Crime

2 Chester County officials fired after meeting recording altered

Shane Stuart
Shane Stuart

The clerk of the Chester County Council and the county’s information technology consultant were fired Tuesday and are the target of a criminal investigation after authorities say they conspired to destroy an audio recording of a council meeting.

Both denied any intent to commit a crime.

County Supervisor Shane Stuart called deputies Tuesday morning, according to a sheriff’s report, and confirmed later in the day that he had fired Clerk Carolyn Clayton and Eddie Buchanan.

“I took action and terminated them,” said Stuart, who was sworn in last month as the county’s top administrator. Stuart supervises county employees and is chairman of the County Council.

Stuart told deputies that Clayton kept the audio recording device she uses to record County Council meetings running when the council went into executive session near the end of the April 20 meeting.

“During that time,” the sheriff’s report states, “clerk to court began making some defamatory comments.”

Stuart told deputies that “after realizing that (Clayton) was still recording, she did work and conspire with Eddie Buchanan to alter and destroy public documents,” the recording of the meeting.

Another employee discovered the alteration the next morning, according to the report, and notified Stuart. After a week-long internal investigation, Stuart fired Clayton and Buchanan.

Unlawful removal, defacing or destruction of public records is a misdemeanor under state law, carrying up to 30 days in jail and a fine of up to $5,000 upon conviction.

‘Hate for anybody to hear this’

Clayton, 67, told The Herald that she disputes that she defaced anything or made defamatory comments. She said she was wrongly terminated after making comments during the executive session about whether some county positions had been filled without having been placed for public bids.

“I never destroyed anything,” said Clayton, calling herself “a loyal employee” who had been clerk to council and an administrative assistant for 13 years.

Clayton said she “inadvertently left the tape running” when the County Council went into executive session April 20, and later during a conversation with another employee at her desk, when she made comments about how she believed that the county physician and county attorney positions should be subject to public bids.

“As far as I can remember,” she said, “it is all I said.”

The next day, Clayton said, she asked Buchanan, who makes copies of the recorded meetings on DVDs, to delete the conversation from the minutes because she would “hate for anybody to hear this.”

Clayton said she is looking into her legal options.

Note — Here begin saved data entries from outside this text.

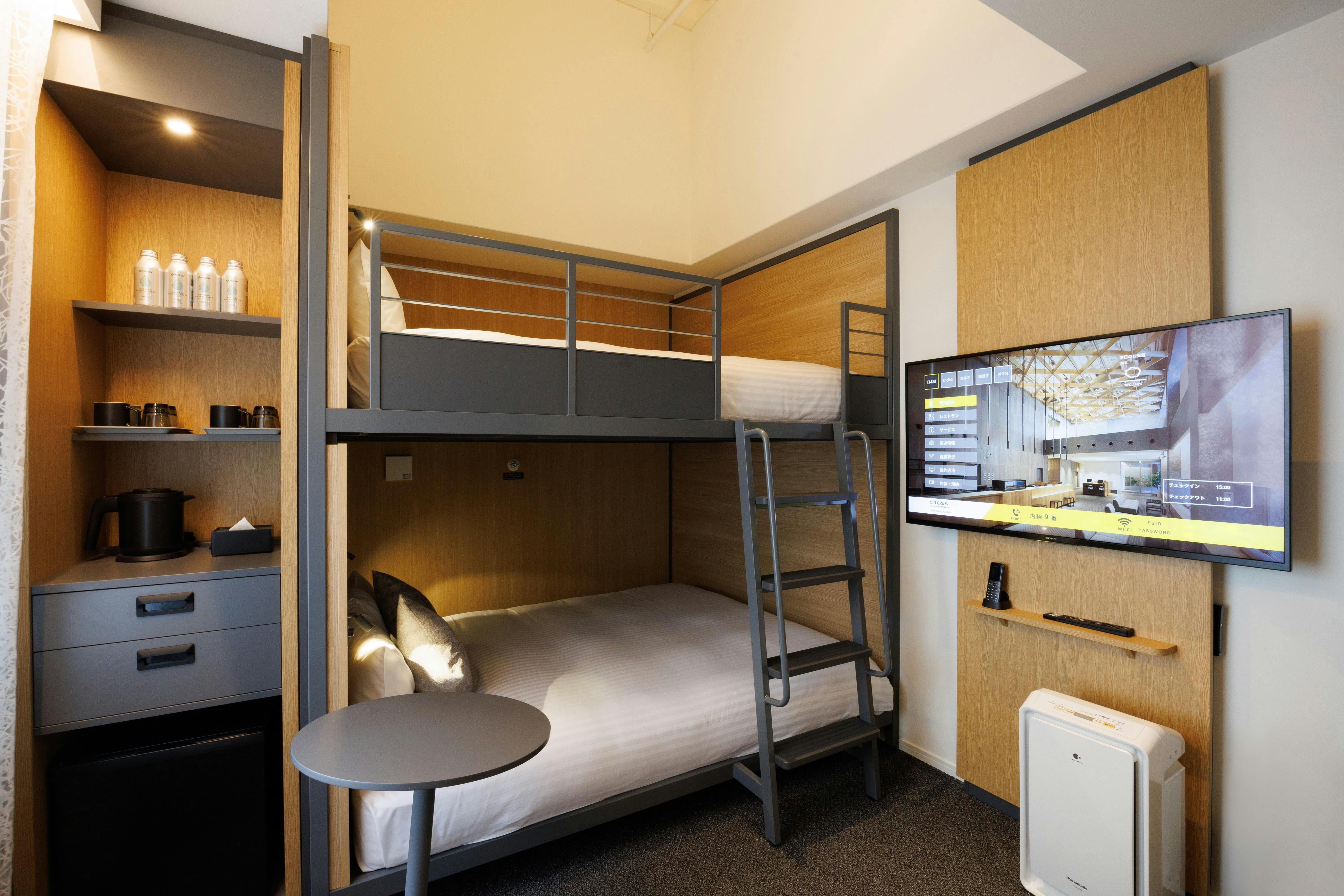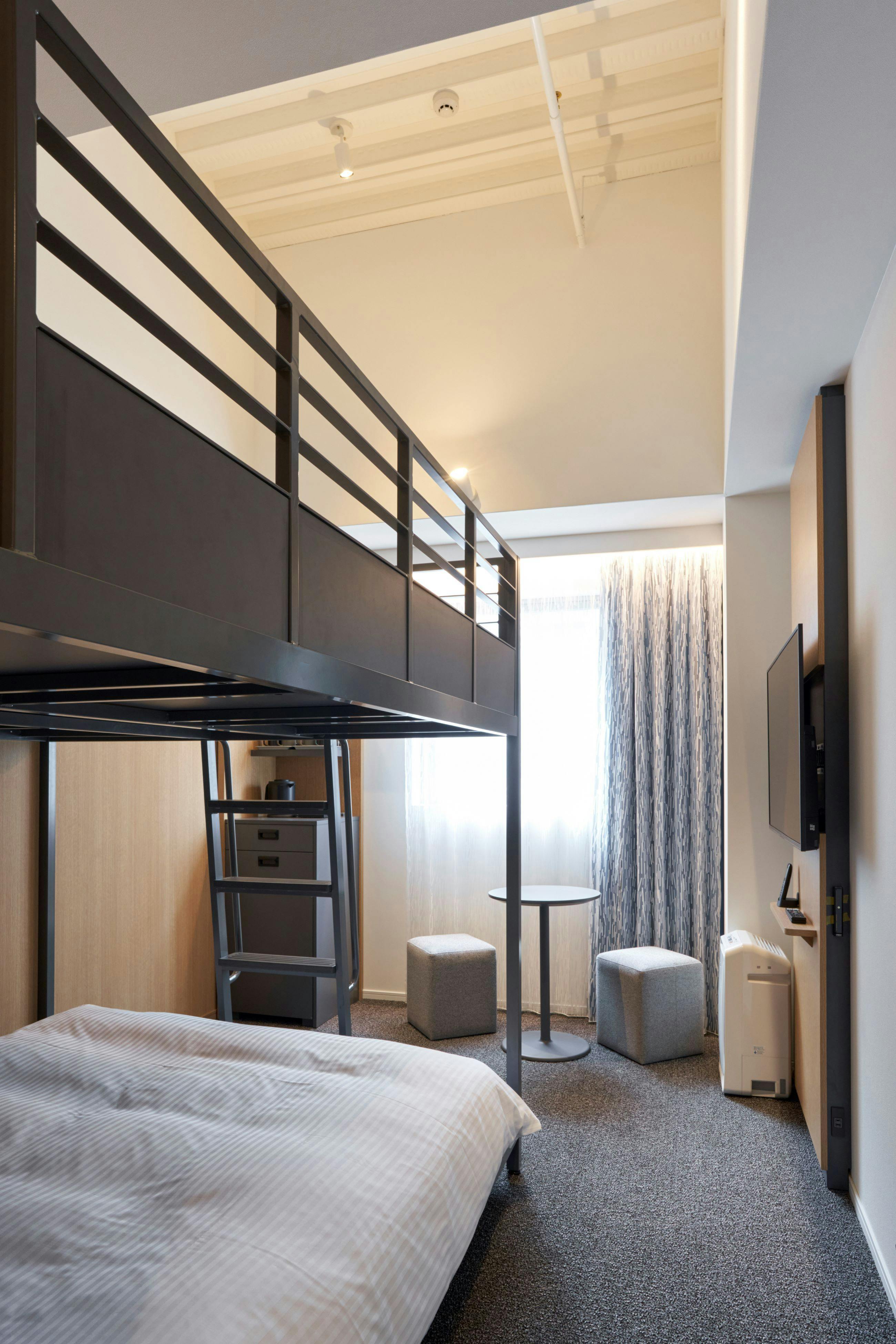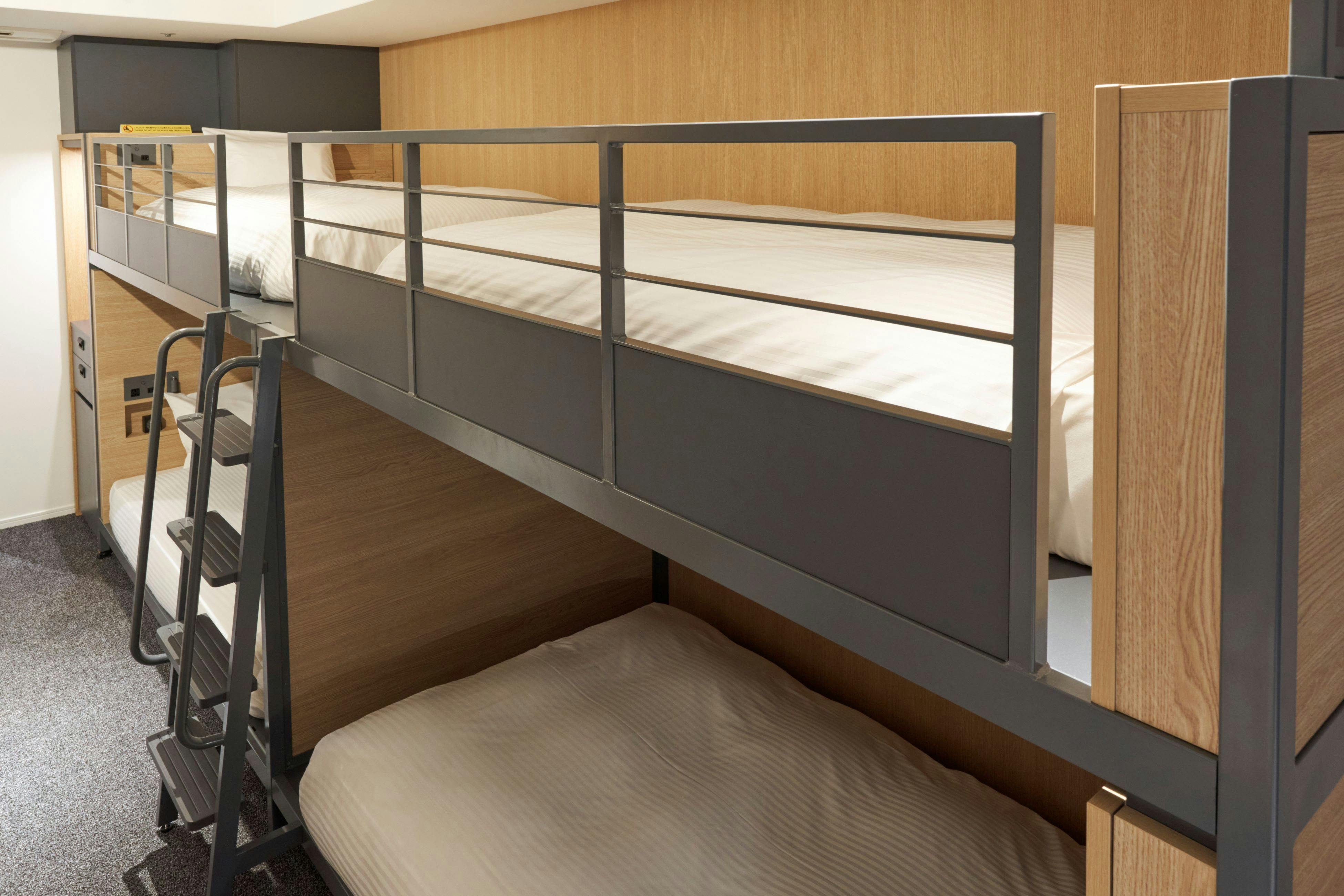 ダブルベッド(140cm幅)の二段ベッドが備わる、最大4名の宿泊が可能な客室。
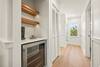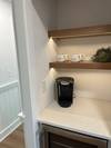 Level 1 hallway coffee bar with a mini fridge — perfect for morning brews or evening refreshments
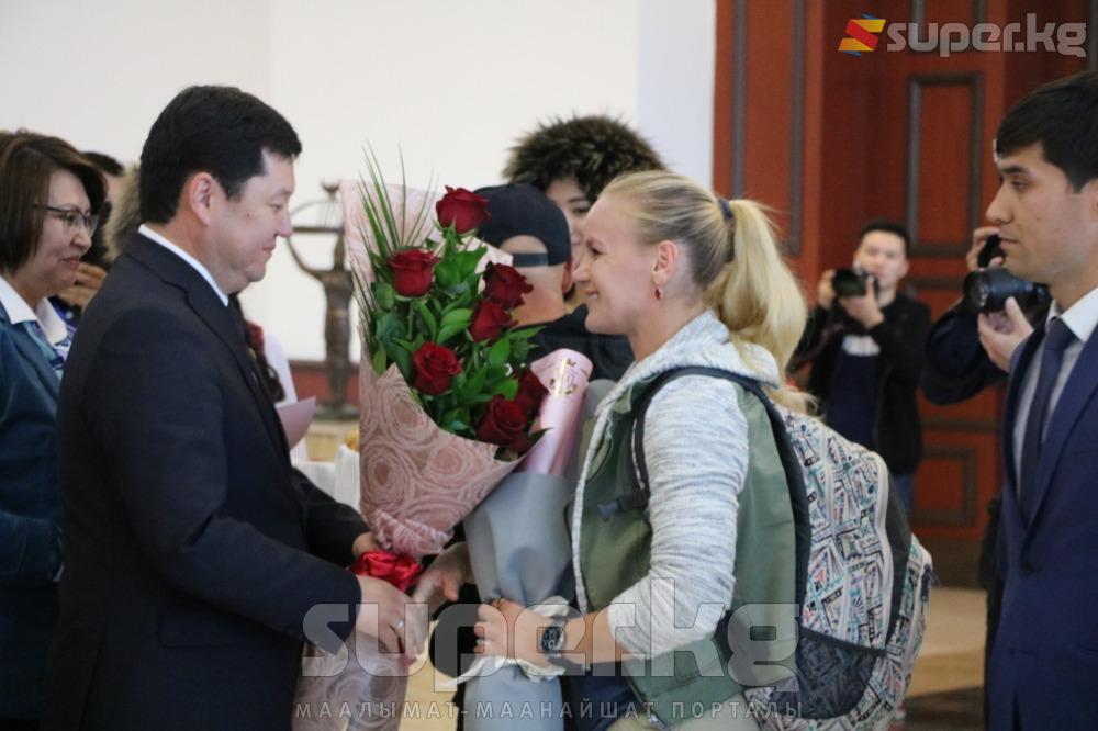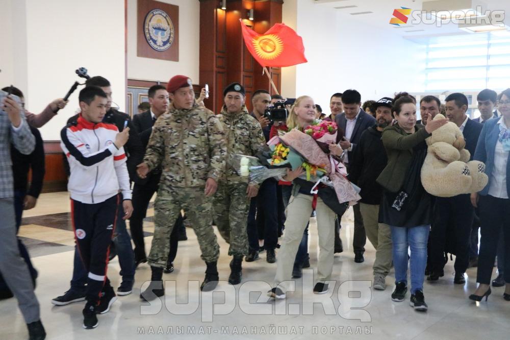 Улуттук филармониянын оркестри, мотоциклчендер тобу жана күйөрмандар. UFC`нин чемпиону Валентина Шевченкону дагы кимдер тосуп алышты? (фоторепортаж)
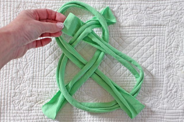 Перекрестите концы полос с одной стороны:
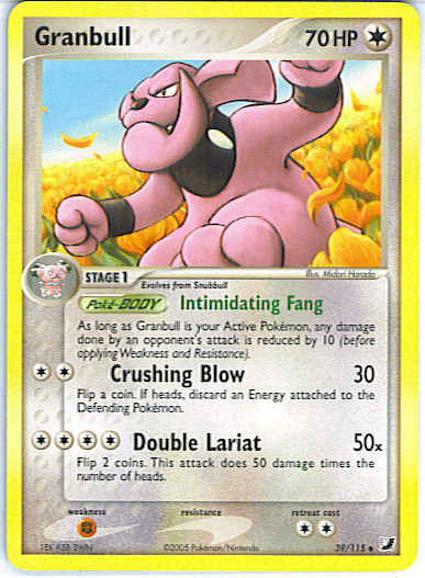 | Type | Colorless | | Pokemon serie | Unseen Forces | | Stadie | Stage 1 | | HP | 70 | | Sjældenhed | Uncommon | | Tilbagetrækning | 2 | | Svaghed | F | | Kortnummer | 39 | | Evne | [CC] Crushing Blow (30) Flip a coin. If heads, discard an Energy attached to the Defending Pokemon. [CCCC] Double Lariat (50x) Flip 2 coins. This attack does 50 damage times the number of heads. | | Evne2 | [CC] Crushing Blow (30) Flip a coin. If heads, discard an Energy attached to the Defending Pokemon. [CCCC] Double Lariat (50x) Flip 2 coins. This attack does 50 damage times the number of heads. | | Kunstner | Midori Harada |
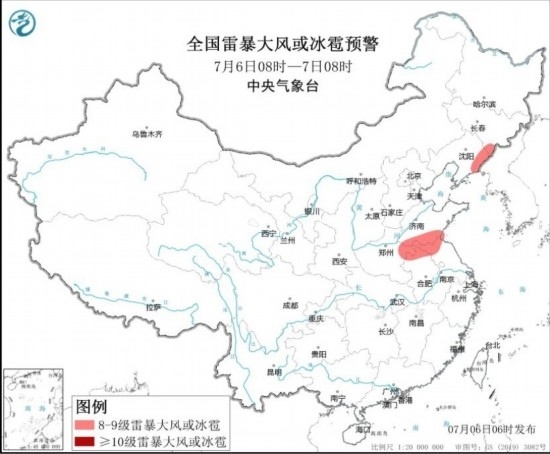 全國雷暴大風或冰雹預(yù)警(7月6日08時-7日08時) 圖源:中央氣象臺網(wǎng)站
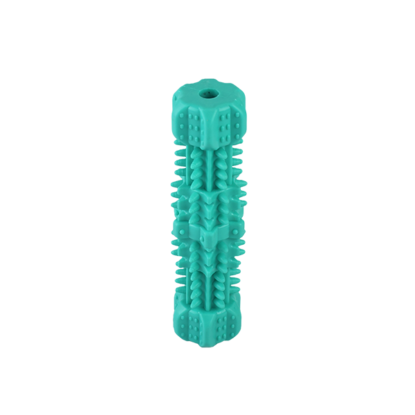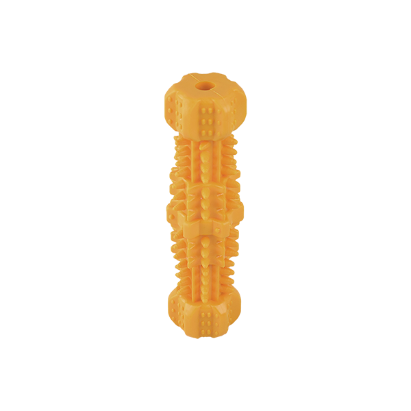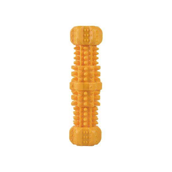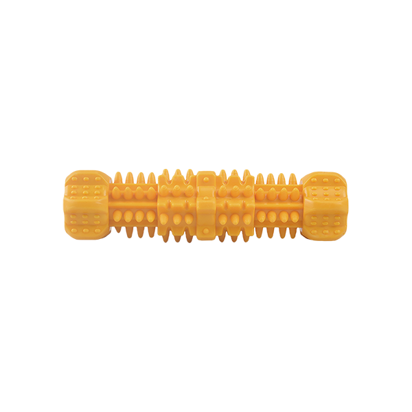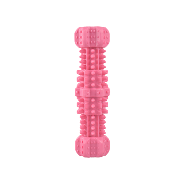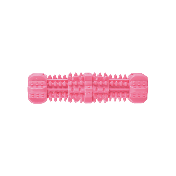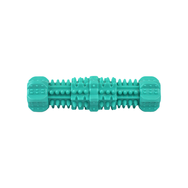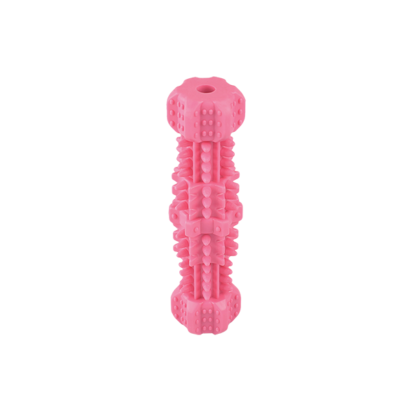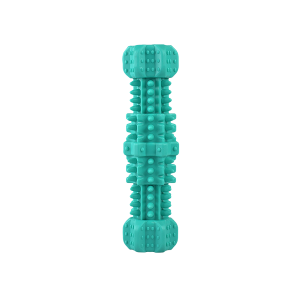 juguete de caucho en forma de mancuerna con textura spiky, ideal para perros fuertes y activos que disfrutan morder y ejercitarse.
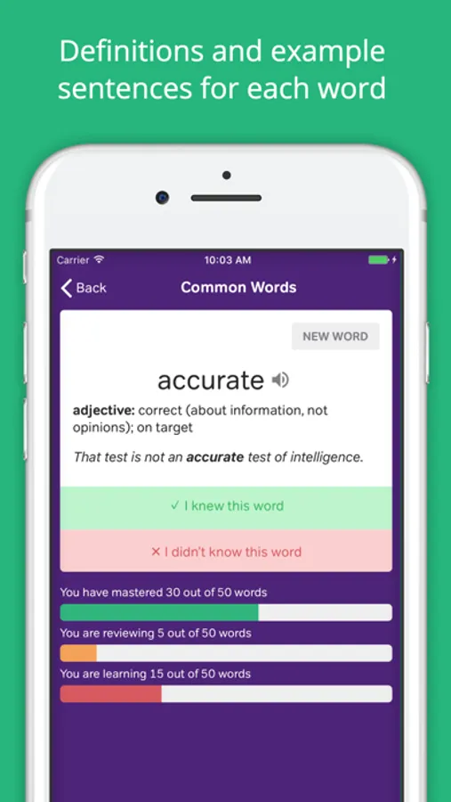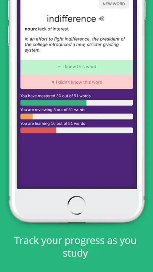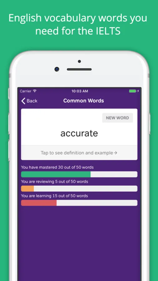 Words and definitions you’re learning will reappear on flashcards to help you learn them faster, appearing less and less frequently as you know them better. Our IELTS flashcards contain the 600 most important words you should learn to ace the IELTS exam, making sure you don’t waste your time learning unimportant vocabulary.
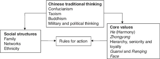 Figure 1.1 Cultural determinants of individual Chinese values (adapted from Reddingâs model, 1990)
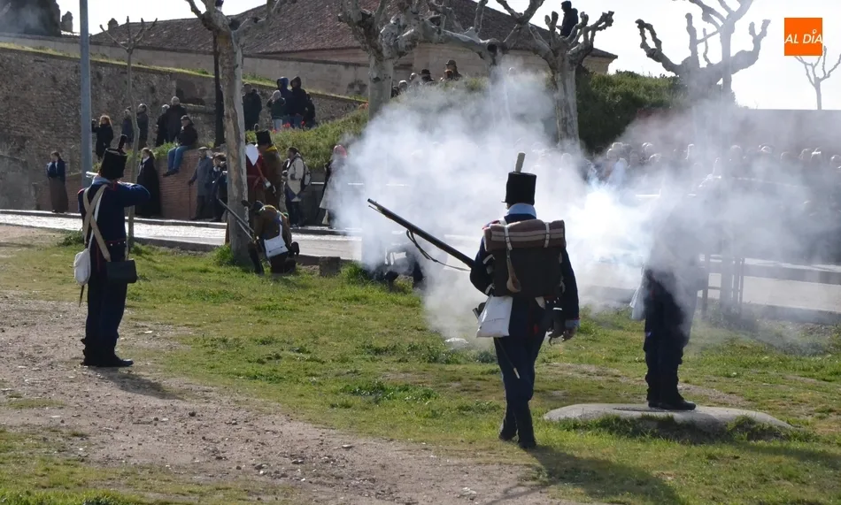 La recreación del asedio se concentró en el glacis donde está situado el antiguo Centro Receptor de Visitantes. Allí tenía instalado un puesto de defensa el ejército francés, desde donde intentó ir repeliendo los ataques que le hacían las fuerzas aliadas que se habían adentrado en el glacis con sus armas y sus cañones, que hicieron que toda la ciudad se enterase de lo que estaba ocurriendo.
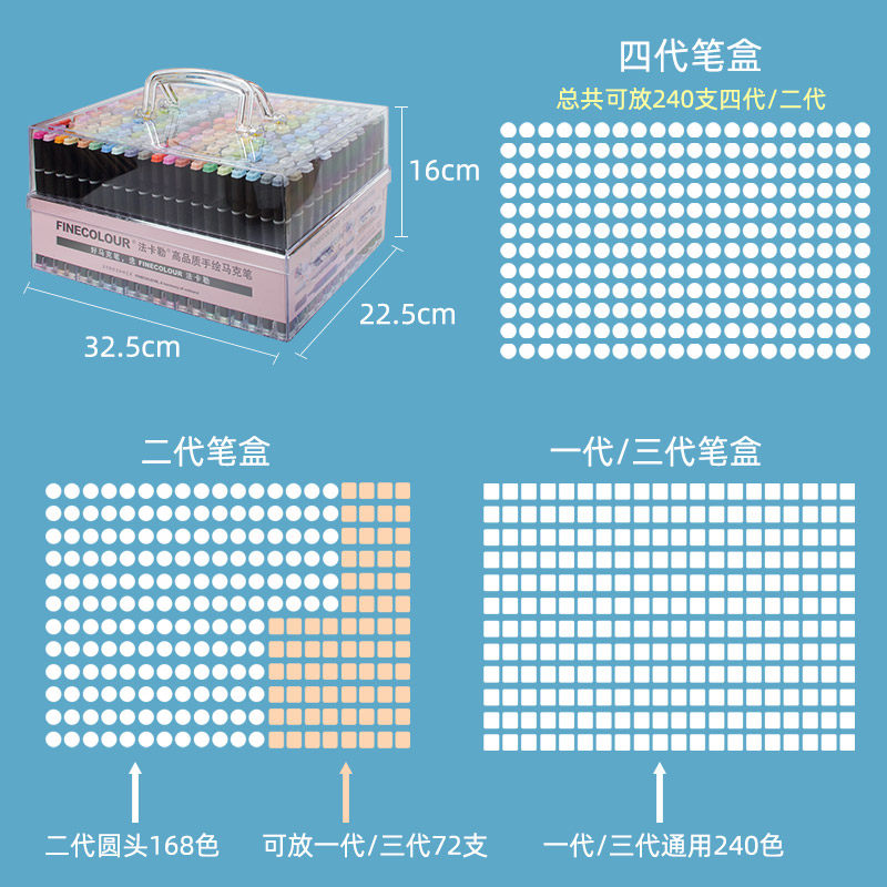 Fakale Mac pen FINECOLOUR generation second generation third generation fourth generation set alcohol double-headed student acrylic first generation 240 color second generation 160 color third generation 480 color fourth generation 240 color full

“I do dispute that I defaced anything,” Clayton said. “I have the right to freedom of speech. I was exercising my right.”

‘Did what I was asked to do’

Buchanan, 46, told The Herald he did edit the recording, but that he didn’t know it was a crime. He said he would not have changed the recording if he had known that doing so was illegal.

When Clayton asked him to edit the recording, Buchanan said, she told him executive session proceedings that were not supposed to be part of the public record were mistakenly recorded.

Buchanan said he edited and modified the tape, but did not alter the original that both he and Clayton said remains intact.

“If you call that destruction of property, then I did it,” Buchanan said. “But I didn’t destroy anything. I modified and edited it. I did what I was asked to do.

“I didn’t think I was committing an offense. If I had known, I would not have done it.”

Buchanan said he is an information technology consultant, who was on contract with the county for the past six months and not technically a county employee.

State public records law requires government bodies to keep minutes, recorded or written, as a record of who was there, what of substance was discussed, and to have a record of any votes that are taken, said Bill Rogers, executive director of the S.C. Press Association. The law ensures the public’s right to know what elected officials do in public meetings and keep an accurate record of what happened, he said.

Rogers said he has never heard of an allegation of an intentional destruction, or even an attempt to destroy, public meeting minutes.

County Council vice chairman Joe Branham and council members Brad Jordan and Alex Oliphant declined to comment on the firings. Efforts to reach council members Mary Guy, John Holcombe and Archie Lucas were unsuccessful Tuesday.